The task for the listing below is to write out exactly the lines starting at the one containing "MANTO DI COPERTURA" and ending at the one containing "M4 Competition /", both included. Pictures are to be omitted.

▶

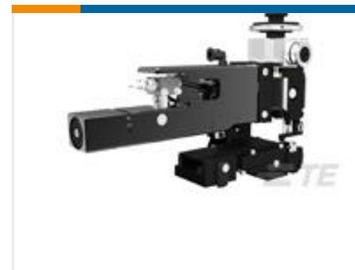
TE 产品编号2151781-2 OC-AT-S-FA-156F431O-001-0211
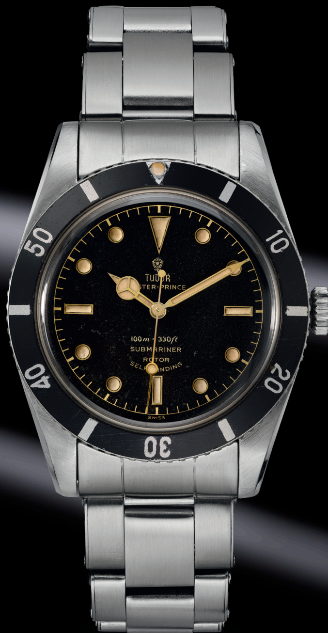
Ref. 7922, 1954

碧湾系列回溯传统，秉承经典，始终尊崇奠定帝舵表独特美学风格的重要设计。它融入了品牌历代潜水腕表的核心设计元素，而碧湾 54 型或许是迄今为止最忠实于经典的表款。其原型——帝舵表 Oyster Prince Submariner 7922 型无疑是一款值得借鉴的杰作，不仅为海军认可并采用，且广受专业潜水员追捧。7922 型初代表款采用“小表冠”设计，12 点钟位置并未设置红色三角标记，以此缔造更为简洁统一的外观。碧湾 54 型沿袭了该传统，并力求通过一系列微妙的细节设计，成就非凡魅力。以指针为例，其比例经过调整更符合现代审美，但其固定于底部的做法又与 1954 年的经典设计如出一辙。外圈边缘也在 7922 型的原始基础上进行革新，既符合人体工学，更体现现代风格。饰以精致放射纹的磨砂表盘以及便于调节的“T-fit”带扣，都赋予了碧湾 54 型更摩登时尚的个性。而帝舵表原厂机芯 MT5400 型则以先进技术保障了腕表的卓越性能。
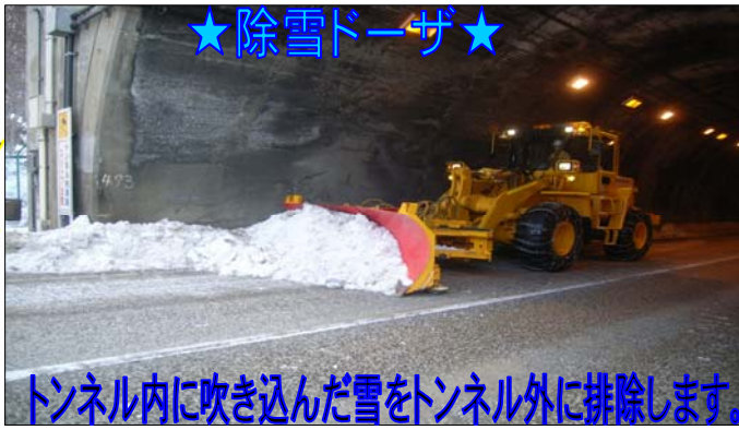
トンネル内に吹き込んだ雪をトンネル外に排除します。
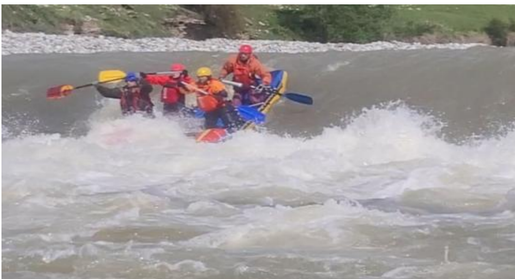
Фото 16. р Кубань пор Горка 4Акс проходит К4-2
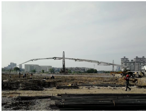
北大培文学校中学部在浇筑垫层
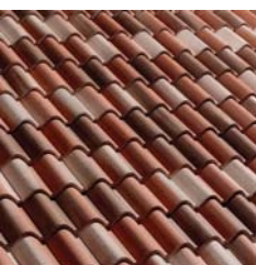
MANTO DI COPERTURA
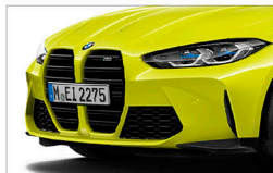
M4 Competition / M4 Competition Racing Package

◀
▶

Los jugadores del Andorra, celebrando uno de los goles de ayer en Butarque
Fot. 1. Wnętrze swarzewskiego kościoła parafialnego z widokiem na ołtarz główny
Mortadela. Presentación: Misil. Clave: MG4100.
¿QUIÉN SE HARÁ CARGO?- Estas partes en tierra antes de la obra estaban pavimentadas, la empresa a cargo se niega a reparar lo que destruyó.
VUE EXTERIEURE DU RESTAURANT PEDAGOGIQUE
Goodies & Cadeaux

◀

§ **Task solution**
MANTO DI COPERTURA
M4 Competition / M4 Competition Racing Package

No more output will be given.